Dieser Zeitplan gilt für Lauterbach offenbar noch, obwohl die EU-Kommission in Brüssel völlig unbeeindruckt von seinem „Eckpunktepapier“ zur „kontrollierten Abgabe von Cannabis zu Genusszwecken an Erwachsene“ war. Die Kommission scheint laut Medienberichten seit Oktober 2022 die deutschen Pläne überhaupt nicht geprüft zu haben. Eine reine Absichtserklärung reiche nicht, heißt es aus Brüssel. Also arbeiten die Beamten im Gesundheitsministerium gleich am Entwurf.

Zwischendurch soll das gemeinnützige Institut für interdisziplinäre Sucht- und Drogenforschung (ISD Hamburg) von den beteiligten Bundesministerien Ende 2022 den Auftrag erhalten haben, die geplante Legalisierung von Cannabis zu beleuchten. Das Gutachten soll parallel zum Gesetzesentwurf entstehen. Es soll geprüft werden, wie Cannabis und der Wirkstoff Tetrahydrocannabinol (THC) rechtlich nicht mehr als Betäubungsmittel eingestuft werden können. Der Erwerb und Besitz von bis zu 30 Gramm Cannabis sollen straffrei bleiben, privater Eigenanbau in begrenztem Umfang und der Verkauf an Erwachsene in lizenzierten Fachgeschäften erlaubt werden. Das Gesetz muss nach den Vorgaben von Lauterbach einer europa- und völkerrechtlichen Prüfung in Brüssel standhalten.

Druck bekommt Lauterbach aus den Regierungsfraktionen: FDP-Gesundheitssprecher Andrew Ullmann fordert „schnellstmöglich“ einen Gesetzesentwurf. Auch die grüne Gesundheitsexpertin Kirsten Kappert-Gonther will „zeitnah“ einen Entwurf sehen.
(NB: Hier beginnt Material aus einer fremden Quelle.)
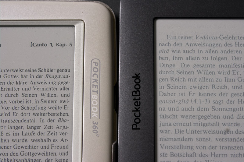der äußerst attraktive Preis des 613 Basic führte dazu, daß ich einen gekauft habe. Der Reader ist als Geschenk gedacht, da mein mittlerweile nun auch schon fast drei Jahre alter 360 noch immer klaglos funktioniert. Die deutlich höhere Blättergeschwindigkeit und der größere Bildschirm des 613 haben dieses Gerät aber auch für mich selbst interessant werden lassen, so als Heimgerät (und der 360 dann für unterwegs), da ich keine Funktionen wie Wlan oder Mp3 brauche. Aber: bei einigen PDFs hat sich gezeigt, daß der 613 deutlich blasser darstellt Frage also: ist dies technisch bedingt, also nicht zu ändern? Der Bildschirm des 360 ist zwar minimal dunkler. aber wenn ich das mit der I-ink-Technik richtig verstehe, sollte es daran nicht liegen. Es erscheint eher so, als würden die Partikel nicht weit genug hochgezogen? Ein von mir selbst erstelltes PDF (nicht gescannt, sondern aus OpenOffice heraus) sieht denn auch wesentlich kontraststärker aus. Dies zeigt das letzte Foto. Beim 360 ist auf den Fotos übrigens auch der Adobe-Reader eingestellt, da man beim 613 ja nicht wählen kann. |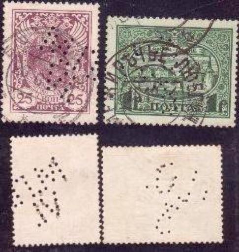 Keywords: Stamps of the Russian Empire perfin cancelled.png en Stamps of the Russian Empire cancelled with perfins 1910s Definitive stamp 25k and 1r stamp from the commemorative issue of 1913 300th anniversary of the Romanov dynasty Moscow Kremlin en Почтовые ма ки Российской импе ии имеющие вто ичное гашение п околом в виде пе финов 1910-е годы номиналом 25 коп станда тная ма ка и 1 уб осковский к емль из юбилейной омановской се ии 1913 года s 1910 http //skandinav eu/page3a3 htm skandinav eu Post Office of the Rissian Empire other versions PD-RusEmpire Definitive stamps of Russia Stamps of Russia 1913 300 years of Romanovs Moscow Kremlin on stamps Postmarks of the Russian Empire Stamps with remainder marks Various stamps in one image Perfins Stamps of Russia to be categorised by subject |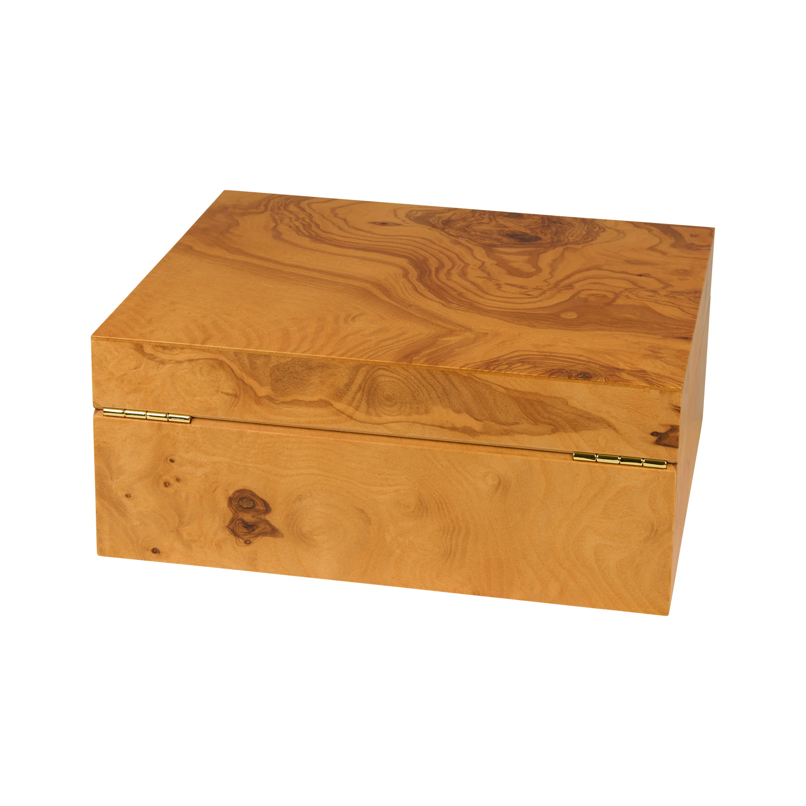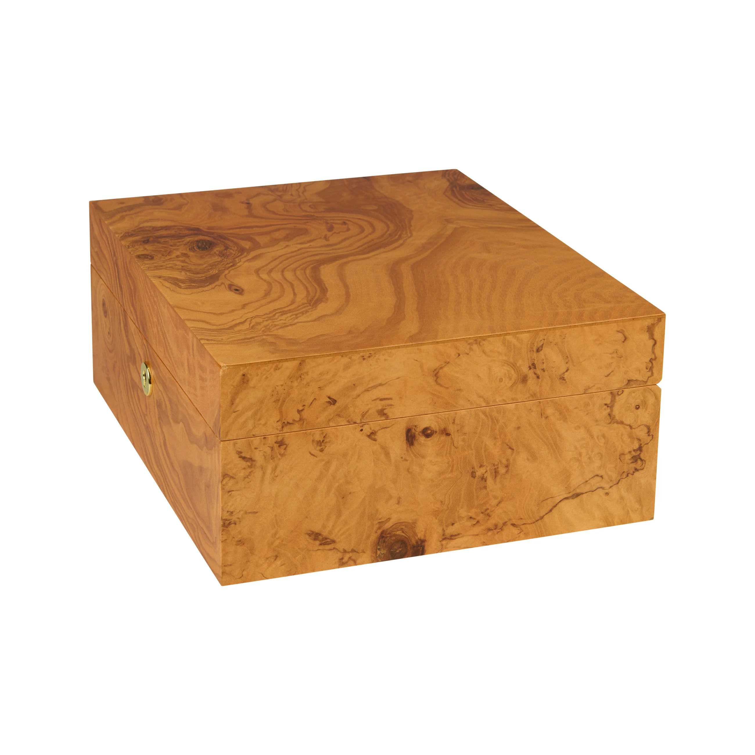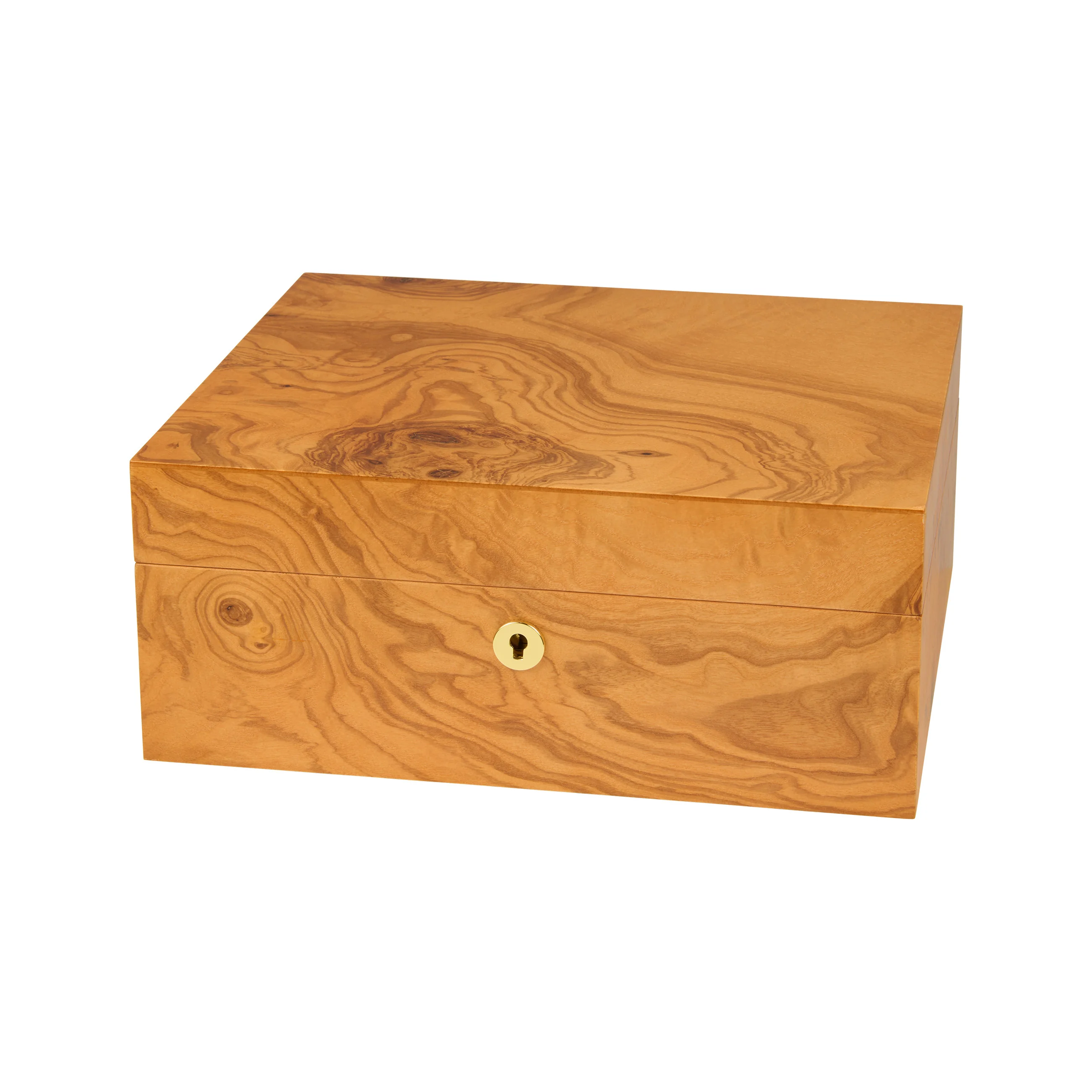 Das Olivenholz überzeugt durch seine charakteristische Maserung mit honiggelben bis goldbraunen Farbtönen, durchzogen von dunklen, fast schokoladenfarbenen Adern. Dank seiner warmen Ausstrahlung fügt sich der Humidor harmonisch in nahezu jedes Ambiente ein. Humidore der Größe Medium fassen bis zu 75 Zigarren und bieten damit ausreichend Platz für Ihre Zigarrensammlung.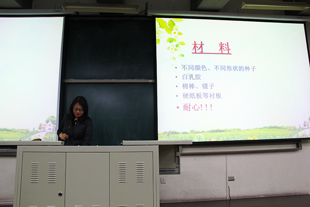 2016年4月14日星期四,太阳成集团tyc151cc举办种子画大赛培训的活动。主讲人是太阳成集团tyc151cc农学专业教师李润枝副教授,2015级辅导员贾慧敏及大一员工参加了此次活动。

Lauterbach hat noch Zeit bis Ende März. Er muss liefern: Legalisierungsaktivisten wie Law Enforcement Against Prohibition (LEAP) oder der Cannabis Verband Bayern (CVB) haben schon Aktionen angekündigt. „Wir lassen uns nicht ewig hinhalten“, sagt CVB-Vorsitzender Wenzel Cerveny. Besonders die sofortige Entkriminalisierung ist ein besonderes Anliegen vieler Aktivisten.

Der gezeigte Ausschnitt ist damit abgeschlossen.